17 August 2020 - 3 min Reading time
Making purchases online? That is convenient and easy. It has also become a habit for many Europeans. But these remote purchases must be able to be validated and paid for in a simple and secure manner.
That is why the second European directive for payment services (Payment Services Directive 2 or PSD2), which came into effect in 2019, has created a legal framework for safer payment transactions for consumers and merchants. New rules were developed to provide customers with extra protection when making online card payments. For example, from January 2021, the principle of 'strong customer authentication' will apply.
This means that a consumer must authenticate himself when purchasing a product or service online. For example, with the exception of transactions with a low risk of fraud, it will no longer be possible to make an online purchase by simply providing the bank card number and the code on the back (CVC code).
Strong authentication is already the rule for many daily purchases: when we use our bank card, we also have to enter the PIN code to validate the transaction. Contactless payments are an exception. No PIN code must be entered for payments up to 50 euros per transaction (and 100 euros cumulatively).
In order to apply the new security rules from January 1, all web shops and online operators in Europe must ensure that they have a compatible system.

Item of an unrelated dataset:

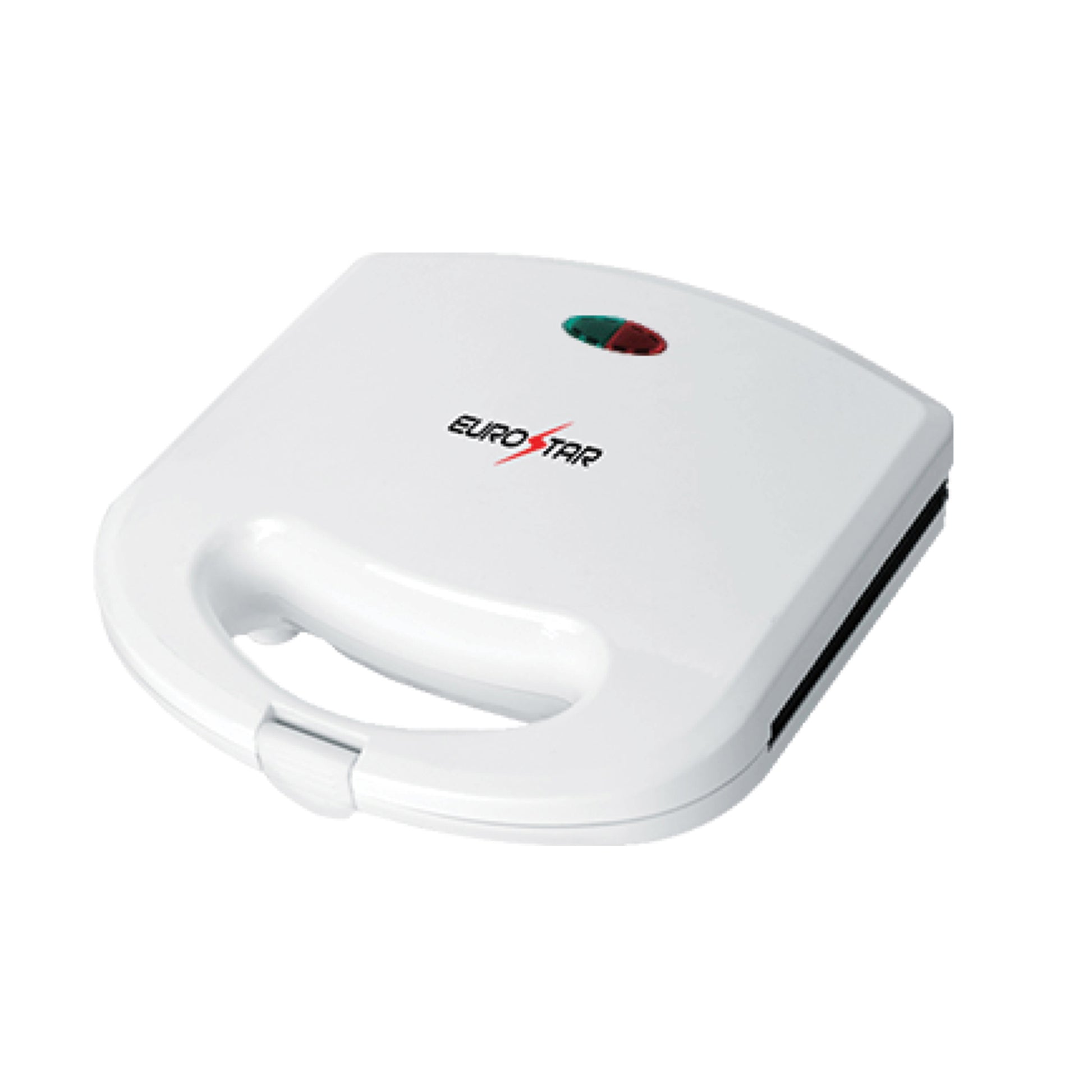 The EUROSTAR 760 Watts Waffle Maker perfectly prepares up to 2 waffles at a time with non-stick coated plates that are easy to clean. The power on and ready light lets you know when the waffle machine is on and has reached the ideal temperature to start cooking. Its compact design is built for small spaces and stands upright for minimal storage. The cool touch handle with locking latch allows safe operation while the anti-skid feet prevent the machine from slipping and sliding.
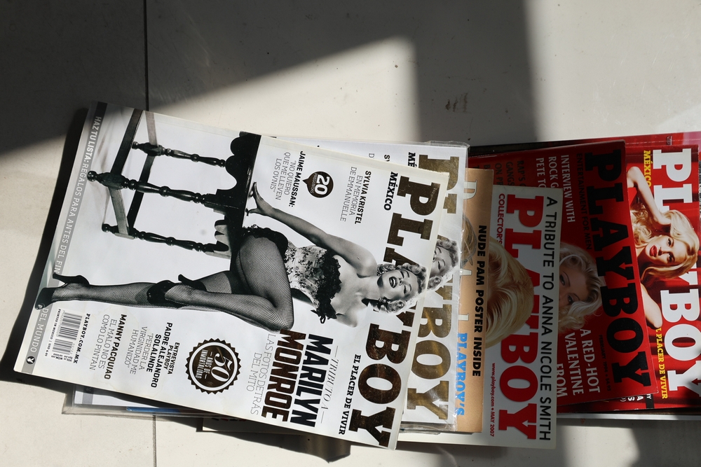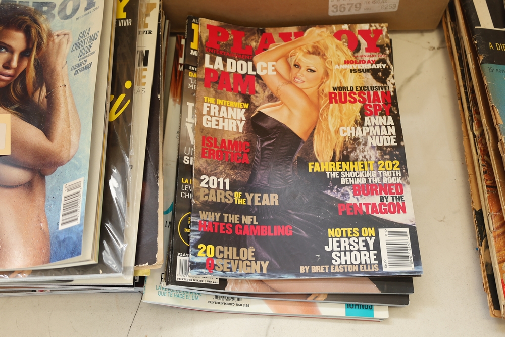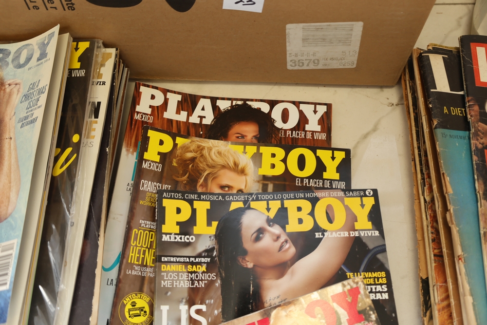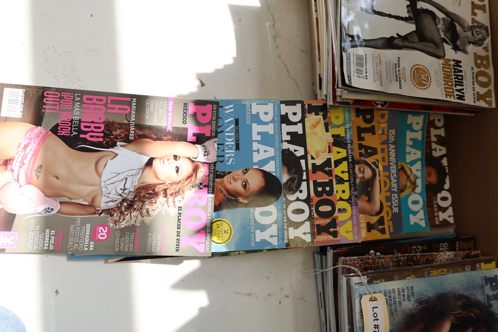 Group of approx 61 Playboy magazines including vintage and modern issues, including examples from the 1960s and 1970s along with later issues and Playboy Mexico editions.

The Belgian banks, in consultation with the National Bank of Belgium, have drawn up a plan with a view to a coordinated transition. This planning provides for a gradual implementation of the new rules for strong authentication for online purchases. This way, traders who also work online in Belgium can prepare in time.

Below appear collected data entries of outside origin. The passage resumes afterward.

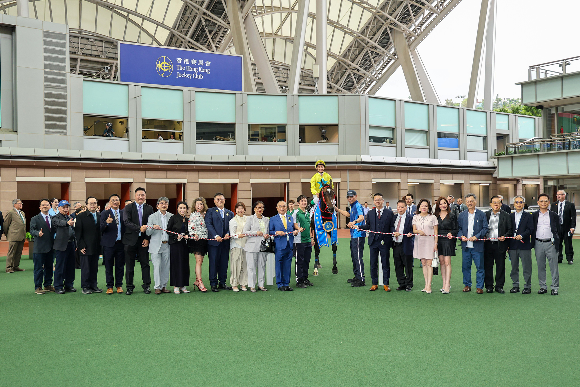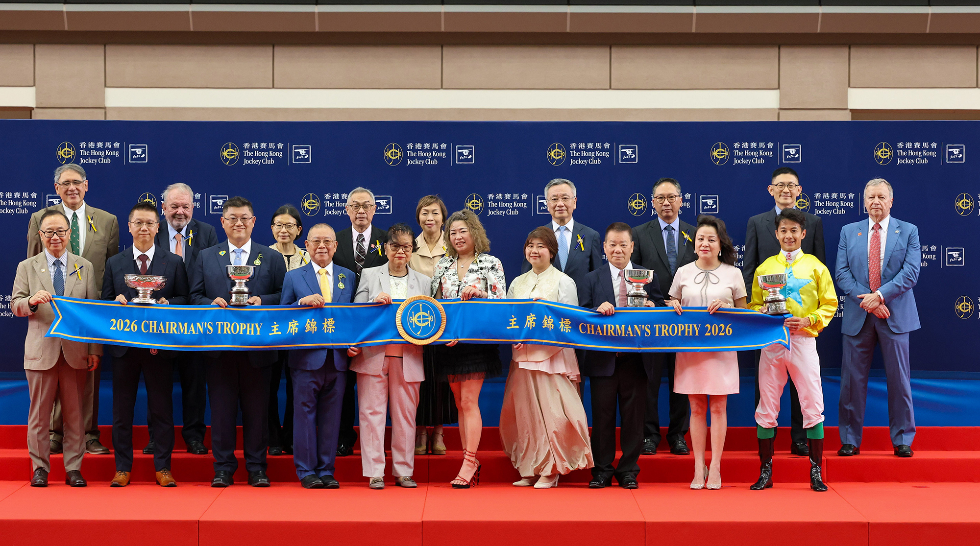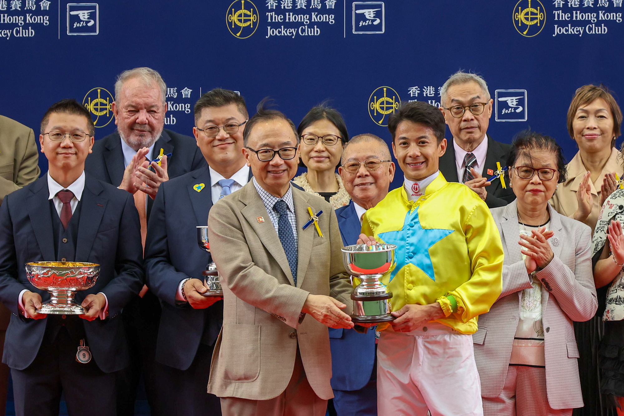 馬會主席廖長江在頒獎禮上將主席錦標獎盃及小型獎盃頒予「金鑽貴人 」的馬主鄭裕偉及鄭裕彤、練馬師文家良及騎師梁家俊。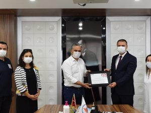 Türk Kızılay Batı Akdeniz Bölge Kan Merkezi Müdürü Dr. Tufan Ertop, Türk Kızılay Batı Akdeniz Kök Hücre Sorumlusu Pınar Gümrükçüoğlu ve febotamist Tarık Kayoz, Başkan Uysal’ı makamında ziyaret etti.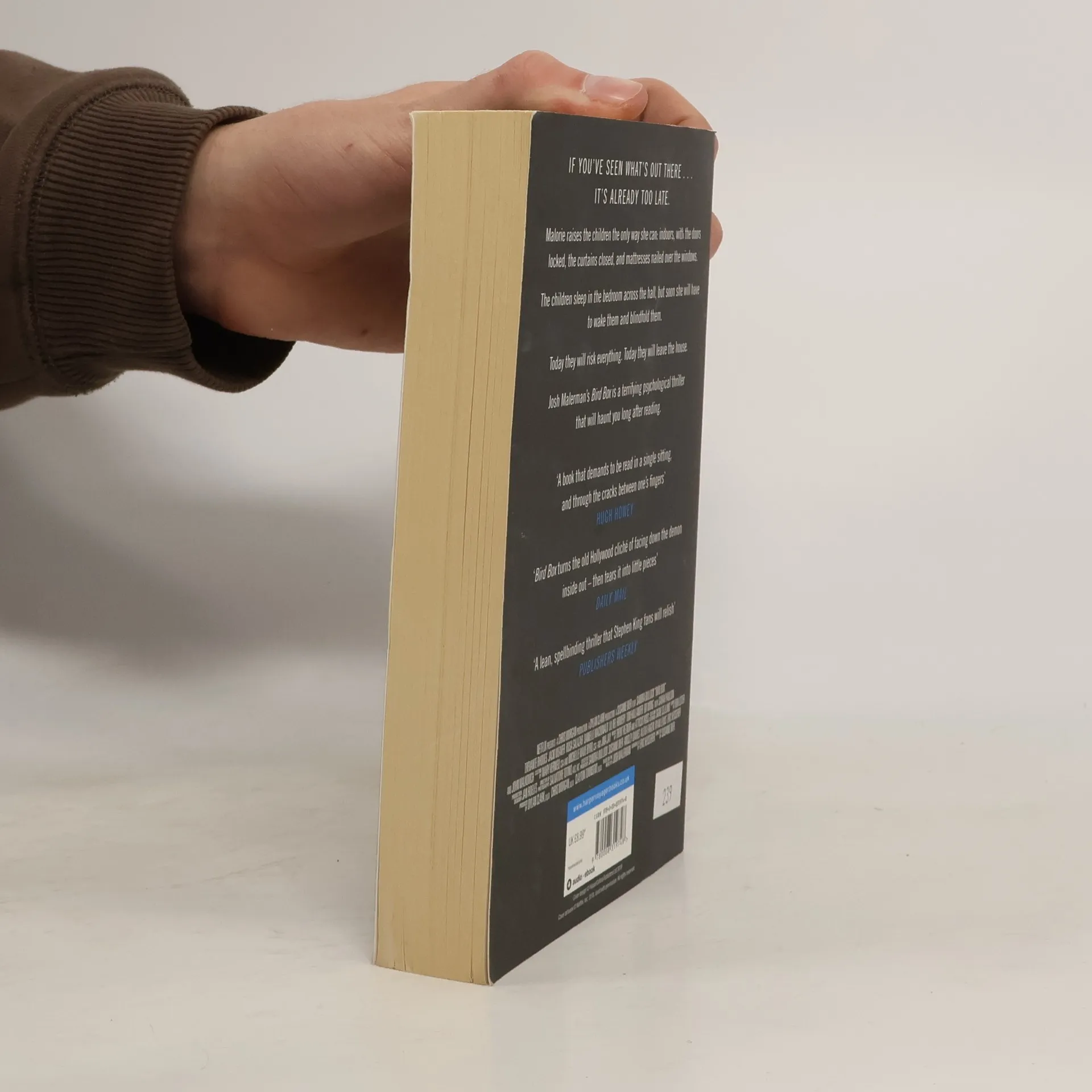Malorie raises the children the only way she can: indoors, with the doors locked, the curtains closed, and mattresses nailed over the windows.The children sleep in the bedroom across the hall, but soon she will have to wake them and blindfold them.Today they will risk everything. Today they will leave the house.Josh Malerman's Bird Box is a terrifying psychological thriller that will haunt you long after reading.

From August 25, 2020: refusal of amounts higher than 1,500 euros that do not comply with the new regulations.
September 22, 2020: the threshold is lowered to EUR 250.
October 19, 2020: the threshold is lowered to EUR 30.
November 17, 2020: the threshold is lowered to EUR 0.
August 25, 2020 is therefore the first milestone in this planning, with the threshold being EUR 1,500. Online websites and traders, both in Belgium and abroad, must therefore adapt their systems to comply with the European directive. If this does not happen, they risk that the banks will refuse payments that do not comply with the new security rules.
We therefore recommend that merchants contact their payment system provider to check if any changes are required. However, strong authentication for online payments is already well established in Belgium, so many merchants are already in compliance. This is often less the case with foreign online merchants, who have until now been less familiar with strong authentication.
Customers will hardly notice the changes when making their online purchases, as we are already very familiar with strong authentication in Belgium. However, they may be asked to confirm the payment again if secure validation has not yet been provided. It is of course essential that the supplier has brought its payment system into compliance with the new rules.